The content of the is notebook is based on the following lectures : Supervised Machine Learning for structured input/output: Polytech, Tours

  • 1. Introduction to supervised Machine Learning: A probabilistic introduction PDF

  • 2. Connecting local models : The case of chains PDF slides

  • 3. Connecting local models : Beyond chains and trees.PDF slides

  • 4. Machine Learning and Graphs : Introduction and problems PDF slides

  • 5. Graph Neural Networks. PDF slides

  • 6. Graph Kernels. PDF slides

In [1]:
#!pip install networkx
#!pip install torch
#!pip install scipy
#!pip install matplotlib

Download Data

Letter Database

Graphs that represent distorted letter drawings. They consider the 15 capital letters of the Roman alphabet that consist of straight lines only (A, E, F, H, I, K, L, M, N, T, V, W, X, Y, Z).
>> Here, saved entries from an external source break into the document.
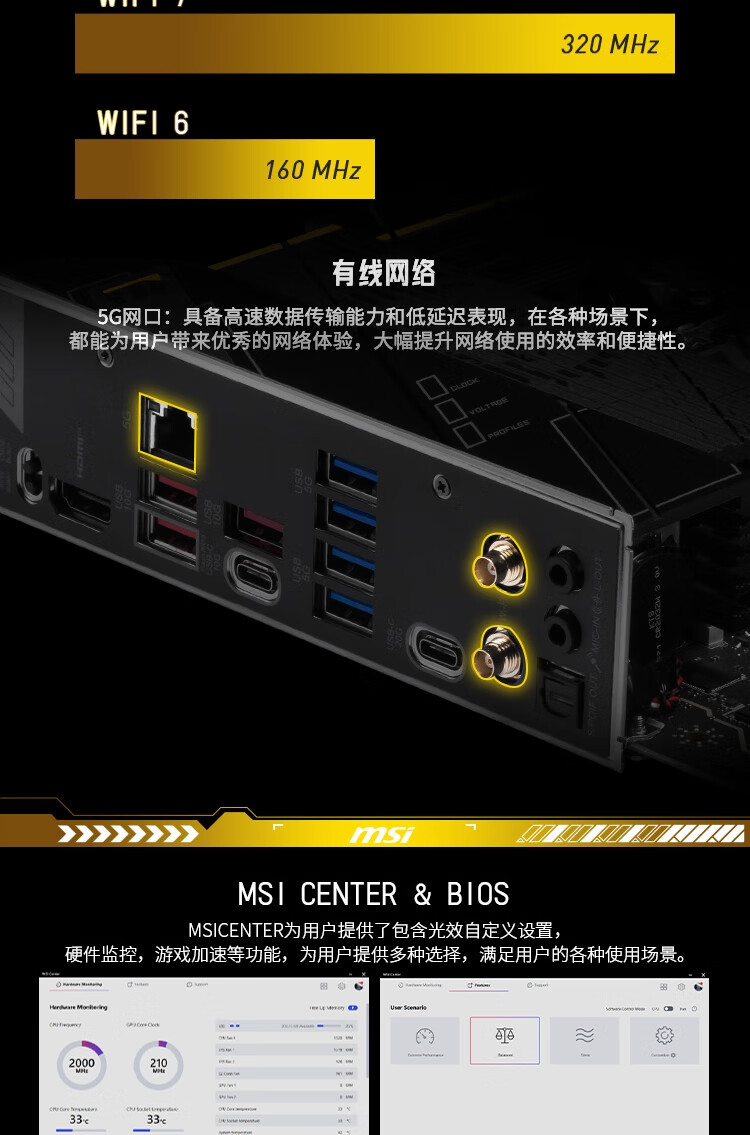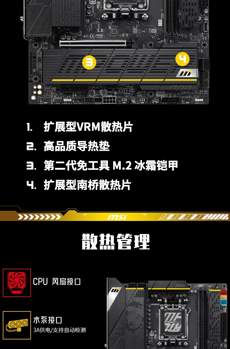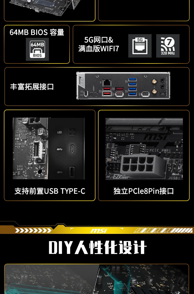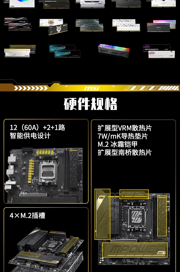 微星(MSI)B850MPOWER 超频主板 支持CPU AMD 9700X/9800X3D/9950X3D/9600X(AMD B850/AM5接口)
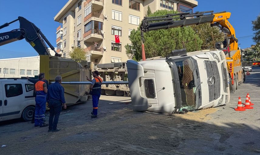 Kamyon, dorsesini kaldırırken yan yattı ve bu sırada sürücüsü yaralandı. Devrilme sonucu kamyon, park halindeki hafif ticari bir araca da zarar verdi.
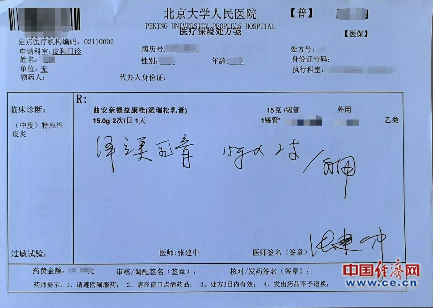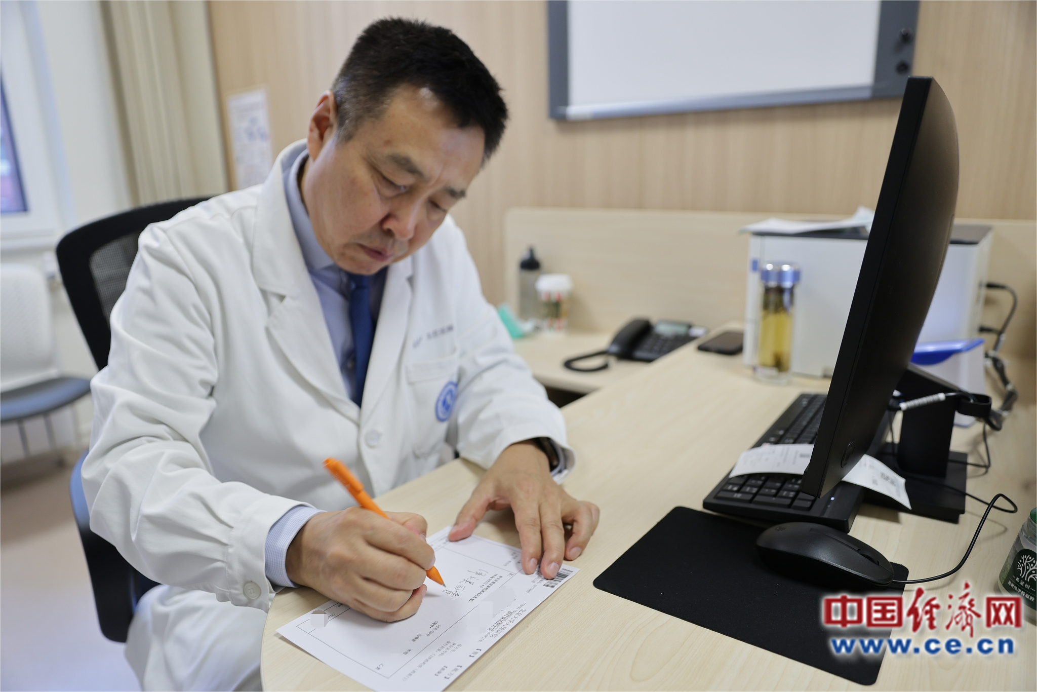 圖為北京大學人民醫(yī)院皮膚科張建中教授為患者開出首張?zhí)幏?中國經濟網裴小閣攝

Each node is labeled with a two-dimensional attribute giving its position relative to a reference coordinate system. Edges are unlabeled. The graph database consists of a training set, a validation set, and a test set of size 750 each. Also, three levels of distortions are provided.

This dataset is part of IAM Graph Database Repository and it is also linked in the IAPR TC15 resources.

It can be considered as a TOY EXAMPLE for graph classification.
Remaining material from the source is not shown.